Lightweight software verification with pluggable type-checking

Software developers often rely on run-time exceptions to indicate bugs in their code. It would be better to use verification to prove the absence of bugs, but verification tends to be difficult to use. We propose a lightweight software verification approach, called pluggable type-checking, that is easy to use, extensible, and provides a compile-time guarantee that certain bugs are not present in the code. Pluggable type-checking permits a software developer to refine the built-in type system of a programming language to catch additional errors, such as null pointer dereferences or race conditions. This approach has been implemented for Java and is available in an open-source tool, the Checker Framework (http://checkerframework.org/). Oracle Corporation is so excited about this technology that Java 8 contains syntactic support for pluggable types. This verification approach is relevant to multiple constituencies. Researchers can build upon the framework to quickly create new program analysis tools. Previously, evaluating a new type system required building a compiler. Now, is it easier to experimentally evaluate a new type system, because the typechecker implementation is only a few lines of code.

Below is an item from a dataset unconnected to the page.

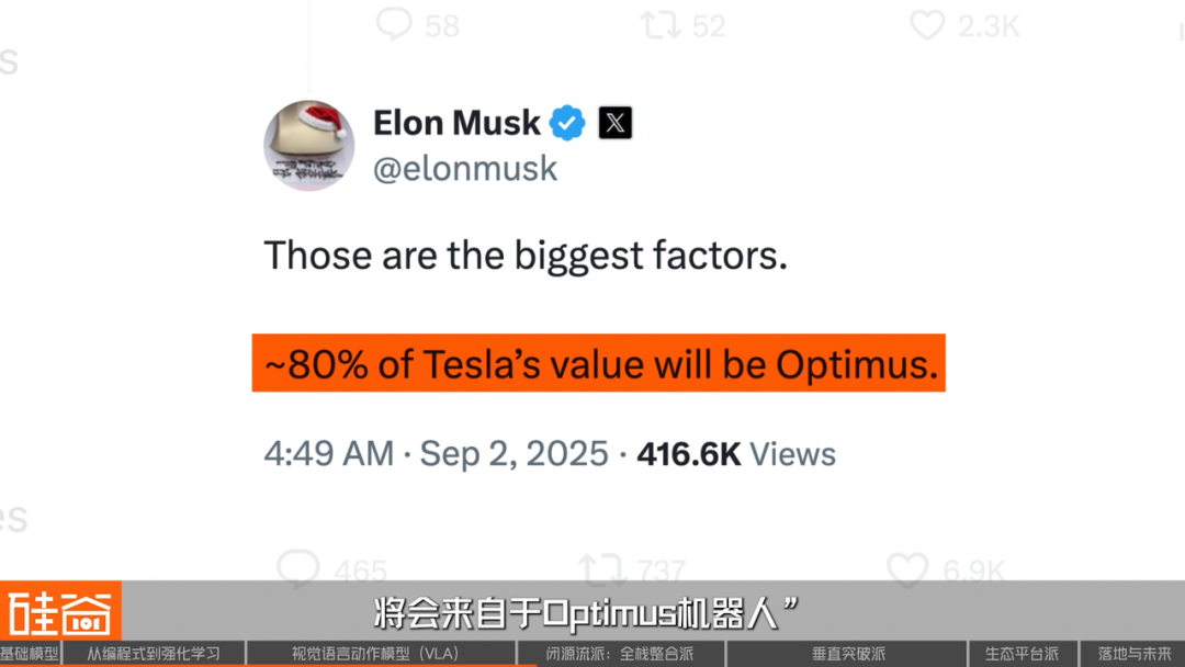 作为这个流派最激进的代表,特斯拉的CEO马斯克曾经说过一句很狂的话:“特斯拉八成的价值将来自于Optimus机器人。“
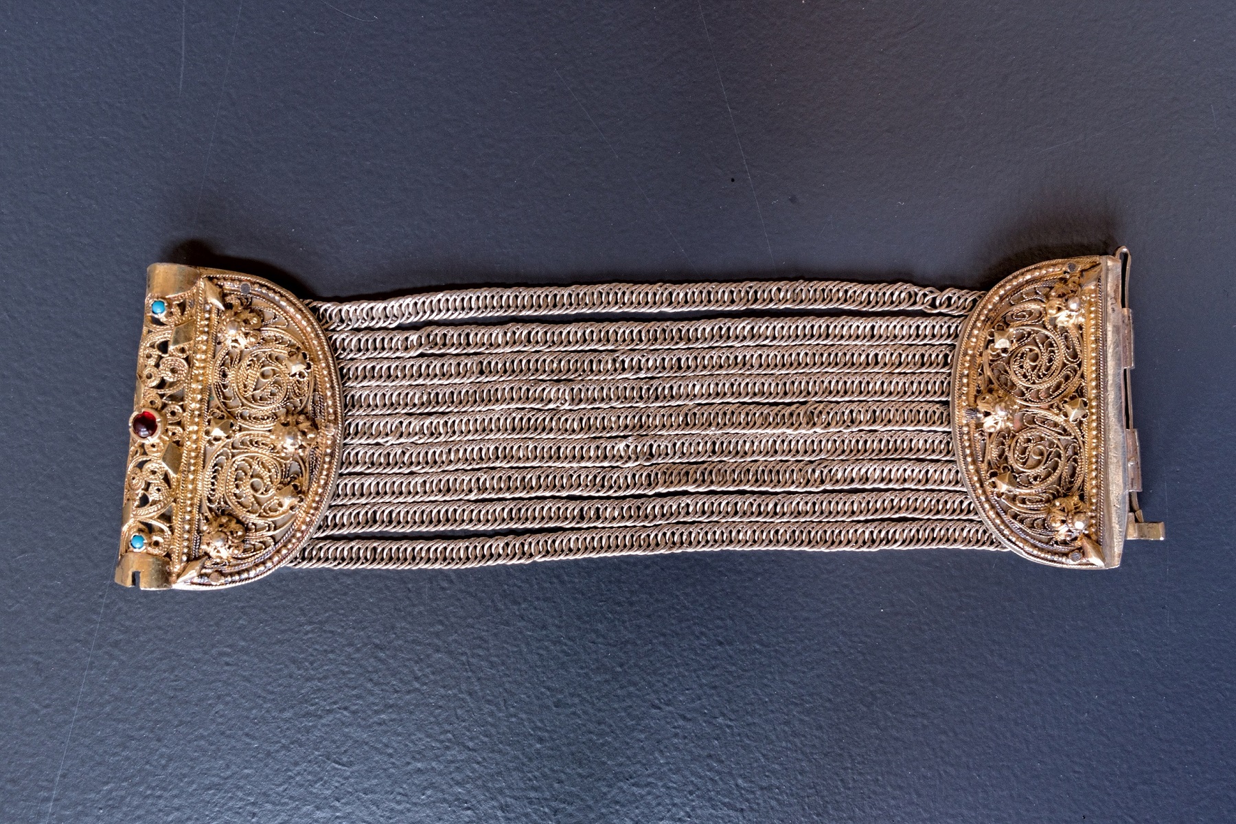 Ένα αγαλμάτιο της θεάς Αφροδίτης πλαισιωμένης από φτερωτούς Έρωτες καλωσορίζει τον επισκέπτη, ο οποίος στη συνέχεια θα έχει την ευκαιρία να θαυμάσει κυκλαδικά ειδώλια, αγγεία και έργα μικροτεχνίας. Ιδιαίτερη θέση στο Μουσείο Αργυροτεχνίας έχουν τα χρυσά κοσμήματα, κομψοτεχνήματα της αρχαιότητας από τις συλλογές του ΕΑΜ, τα οποία συνδιαλέγονται με ασημένια κοσμήματα και εξαρτήματα ενδυμάτων των νεότερων χρόνων (19ος-20ός αιώνας). Ως προς τα τελευταία, πρόκειται για αντικείμενα που είτε ανήκουν στη συλλογή του Μουσείου Αργυροτεχνίας είτε τα παραχώρησαν στο ΠΙΟΠ, για τις ανάγκες της έκθεσης, το Τμήμα Κληροδοτημάτων του Δήμου Ιωαννιτών, το Δημοτικό Μουσείο Ιωαννίνων, το Μουσείο Αλή Πασά και Επαναστατικής Περιόδου (Συλλογή Φώτη Ραπακούση) και ο ιδιώτης κ. Κωνσταντίνος Ιωαννίδης. Τα περισσότερα από αυτά προέρχονται από τα Ιωάννινα και την ευρύτερη περιοχή της Ηπείρου, ενώ υπάρχουν αντιπροσωπευτικά δείγματα και από άλλες περιοχές της Ελλάδας. Με τεχνικές μορφοποίησης, όπως η σφυρηλάτηση και η χύτευση, και τεχνικές διακόσμησης, όπως η φουσκωτή, το σαβάτι και το σμάλτο, αλλά και με μεικτές τεχνικές, όπως το δημοφιλές φιλιγκράν, οι τεχνίτες αποτυπώνουν στα κοσμήματα τη συλλογική αισθητική, την ιστορική μνήμη, αλλά και την κοινωνική και εθνική ταυτότητα των κατόχων τους. Η ποικιλία τεχνικών κατασκευής και διακόσμησης με τα οποία φιλοτεχνήθηκαν αναδεικνύουν την κληροδοτημένη τεχνογνωσία αλλά και την υψηλή τέχνη και εκλέπτυνση των δημιουργών τους.

Educators can introduce software verification in a practical context, enabling students to learn by doing and bringing theory to life. The Checker Framework has been successfully used in the first or second programming class for computer science majors, and also in more advanced classes. Practitioners can use pluggable type-checking to find bugs or to prove the absence of bugs. Use of pluggable type-checking improves code quality and design, and the types act as machine-checked documentation. The Checker Framework is in daily use at corporations such as Google. Attendees will leave the tutorial with a greater appreciation of the theory and practice of pluggable type-checking. They will be prepared to use it for research, teaching, or software development.